In part, the Weill proposal had little initial credibility because of similar stories that appeared last September after E. F. Hutton Group stock soared on rumors that Weill would lead a takeover of the securities firm.

Weill never confirmed the rumors and the story proved to be a 24-hour wonder: Nothing more was heard of it.

Then, earlier this week, two additional pieces of the Weill-Bank of America story emerged. First, Shearson Lehman Bros., the major brokerage firm that Weill built practically from scratch and sold to American Express in 1981, was reported to be willing to raise the $1 billion that Weill needed for the B of A capital infusion.

Advertisement

The brokerage has not commented on the story, but B of A did not deny it.

Then, on Tuesday, Armacost received a second communication from Weill by express mail. The bank confirmed the receipt of the package with a cryptic statement referring to “a second letter which for the first time states that Mr.
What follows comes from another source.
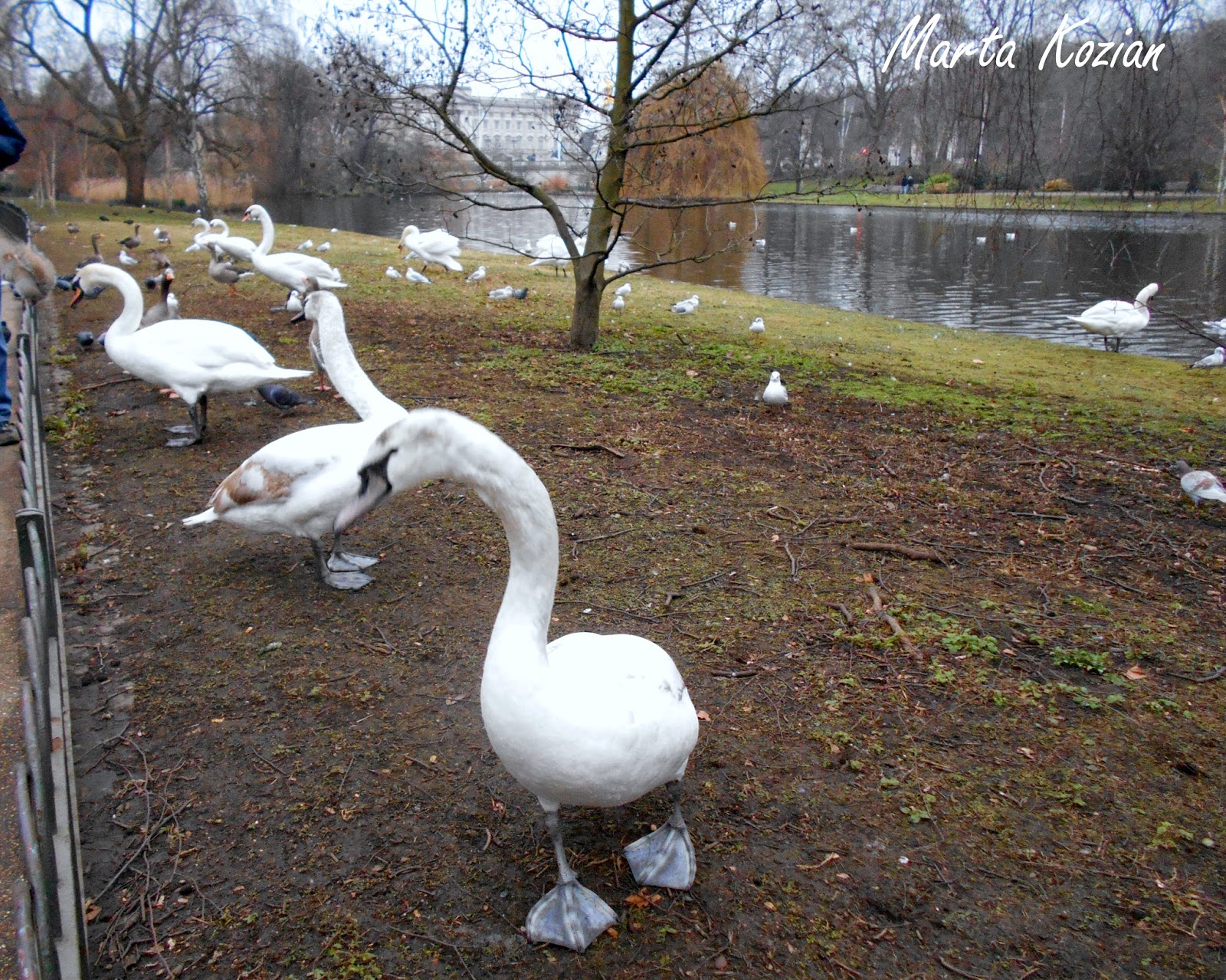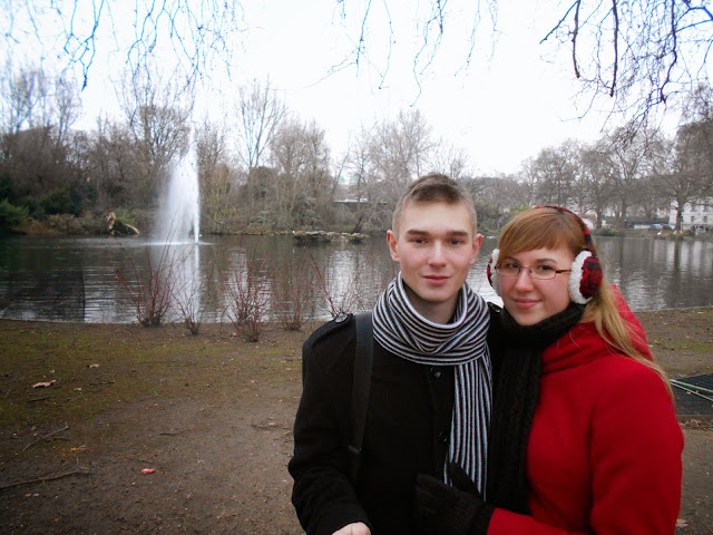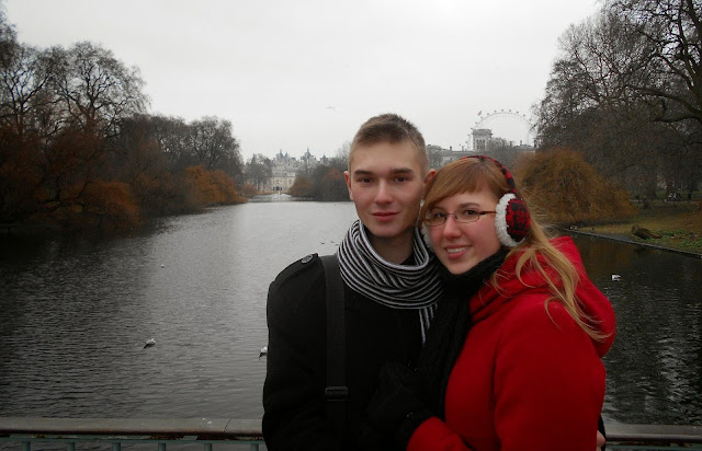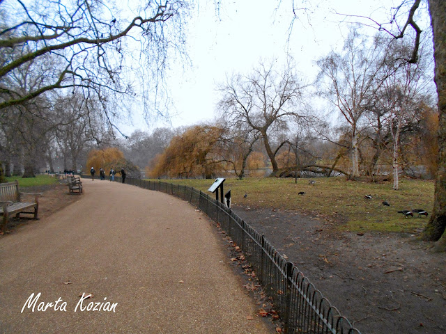 Następnie przeszliśmy przez jeden z naszych ulubionych parków w Londynie, St. James's Park (park św. Jakuba) - jest najstarszym z parków wchodzącym w skład królewskich parków w Londynie. Park ma powierzchnię 23 hektarów (58 akrów). Granice St. James's Park są wyznaczane przez ulice The Mall na północy, Hourse Guards na wschodzie i Birdcage Walk na południu. W parku znajduje się małe jezioro o nazwie St. James's Park Lake, z dwiema wyspami, Duck Island (nazwana tak ze względu na występowanie w parku wielu gatunków ptactwa wodnego) oraz West Island. Most biegnący nad jeziorem pozwala zobaczyć wschodnią stronę Pałacu Buckingham otoczoną drzewami i fontannami oraz podobnie otoczoną zachodnią fasadę siedziby Foreign Office.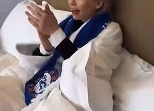 Chelsea fans fume after video emerges of Georgia Toffolo watching the team play from a BED at Stamford Bridge in an ’embarrassing’ marketing stunt for Hilton hotels

Weill has a plan for the bank.” In the letter, Weill asked for a hearing before the board of directors, which has been granted.

Weill had the bank’s attention, and industry analysts began considering his initiative with new seriousness.

George Salem, a bank analyst with the Wall Street securities firm of Donaldson, Lufkin & Jenrette, was one of the early skeptics. His initial reaction was that the plan “wasn’t Weill, it was wild.”

But on Thursday, Salem received a telephone call from Jamie Dimon, a Weill aide, who “wanted to straighten me out.” Dimon proceeded to explain why Weill believed that B of A could be resuscitated by $1 billion in new capital.

“It would bolster the credit of the bank, enable it to do more lending, upgrade its letters of credit, and regulators and customers would look at it differently,” Salem said Dimon told him.

A second analyst, Don Crowley of Keefe, Bruyette & Woods, said a capital infusion would help the bank “get back to a normal growth curve.” He noted, however, that the bank had adequate standing in capital markets to raise its own equity without Weill’s help.

Advertisement

But Crowley said he was waiting eagerly to learn how the board would respond to the Weill plan and said he would not be surprised by a dramatic change in the bank’s management in the near future.

Weill has remained silent, refusing to return reporters’ phone calls. But it would be typical of him to go for a big play.

Shortly after he left American Express after losing a long power struggle, he was asked what he planned to do with his life and his estimated $40 million personal fortune. He indicated that he would stay in the financial services field and said, “Whatever I do next, I will want to be the top person in it.”